# PEX BTU Ratings



## mattd860 (Mar 11, 2011)

I just want to make sure I'm doing the right thing here before I dig myself a hole that I can't get out of. I have a 2400 sqft home which includes 700 sqft in the finished basement that never gets heated. I just purchased a Harman SF-160 Wood Boiler rated at approx. 90,000 BTUs to heat a max 2200 sqft home. My plan is have the boiler piped in series with the oil boiler to heat the DHW coil in the oil boiler. Down the road when I get a storage tank, I will pipe the wood boiler in a parallel loop with the oil boiler. Additionally, the new wood boiler is being placed in the garage, about 30ft away from the oil boiler located in the basement. So the loop between the two boilers is about 70ft (35ft supply + 35ft return). The circulator pump is a grundfos UPS15-58FRC with a max flow range of 17GPM and head range of 19ft. 

The boiler manual suggests 1-1/4" pipe between the two boilers so I bought 1-1/4" PEX tubing. However, the pex tubing is NOT 1-1/4" ID, it is more like 1-1/16" ID. 1-1/4" copper pipe can handle around 160,000 BTU's/h but 1" copper can only handle 75,000 BTU's/h which is less than my boiler is rated. 

So what are the ratings of the PEX pipe? Are BTU/h ratings based SOLELY on pipe size or is pipe material also a factor? If pipe material is a factor, does PEX tubing flow more or less than copper? If pipe size is the sole factor, then what kind of MAX BTUs/h should 1-1/16" pipe be able to carry??

Thanks


----------



## in hot water (Mar 11, 2011)

11- 12 GPM in 1-1/4" pex so about 120,000 btu without a problem.


----------



## barkeatr (Mar 12, 2011)

I Just spent a lot of time researching this,.  Most stuff i found that was credible says that pex has higher flow rate for the same actual measured I.D., its due to the flow of the pipe and better flow through fittings. basically they said there is at least equal flow between one inch pex with one inch copper even if the actual measured I. D. of the pex is smaller.  

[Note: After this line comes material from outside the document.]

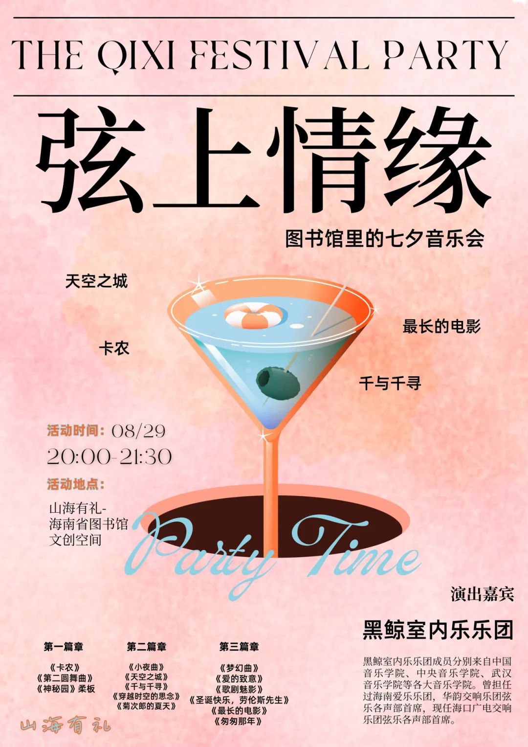 同日,“弦上情缘”图书馆里的七夕音乐会也将于山海有礼-海南省图书馆文创空间优雅奏响。黑鲸室内乐乐团将演绎多首经典曲目,在书香与琴韵交织的氛围中,为观众带来一场高雅而又温暖的心灵抚慰。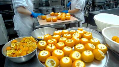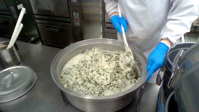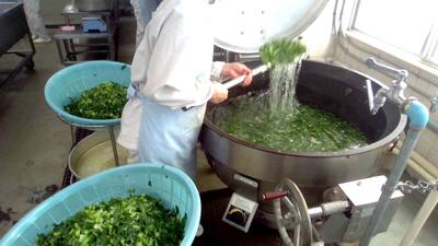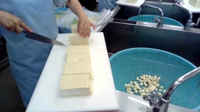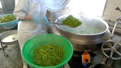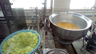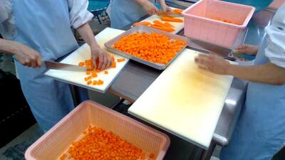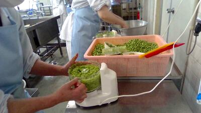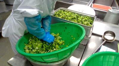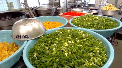 冷たいサラダは、夏場は作るのが難しい料理です。ゆでた野菜の温度がなかなか下がらないためです。ゆでたての野菜は流水にさらした後、冷蔵庫に入れるのですが、水道水の温度が30℃近くもあり野菜の温度が下がらないのです調理員さんは、野菜を早めにゆで、一部を冷凍庫に入れて冷やすことにしました。おかげで、ふだん通りの温度で仕上げることができました

the right size pex will leave you with more options as far as a circulator...less cost and better durablity, less power usage. 

good luck


----------



## afblue (Mar 13, 2011)

http://www.taco-hvac.com/uploads/FileLibrary/SelectingCirculators.pdf

I always reference this document, its has flow rates for different size PEX. PEX-AL-PEX, and copper, but its also a planning guide for the next step in your project, head pressure and the pump.


----------



## SteveJ (Mar 13, 2011)

Kind of interesting that they reference Type M copper.

With Type L copper, the 0.75" max flow drops from 6.5 gpm to 5.4 gpm - see thread https://www.hearth.com/econtent/index.php/forums/viewthread/72618/

Also, copper.org recommends keeping the velocity below 3 ft/s for temps above 140F.


----------



## heaterman (Mar 13, 2011)

A Wilo S21, or grundfos 15-58 *on speed 1* will move all the btu's your Harmon can produce given that diameter and length of pex.

Nice job on selecting the 1.25" pex. Your pump will love you and operate with minimal electrical requirement all the days of it's long and happy life.


----------



## mattd860 (Mar 14, 2011)

heaterman said:
			
		

> A Wilo S21, or grundfos 15-58 *on speed 1* will move all the btu's your Harmon can produce given that diameter and length of pex.
> 
> Nice job on selecting the 1.25" pex. Your pump will love you and operate with minimal electrical requirement all the days of it's long and happy life.



Good to know. I have the pump screaming on speed 3 (highest speed) right now. I guess I will lower it.


----------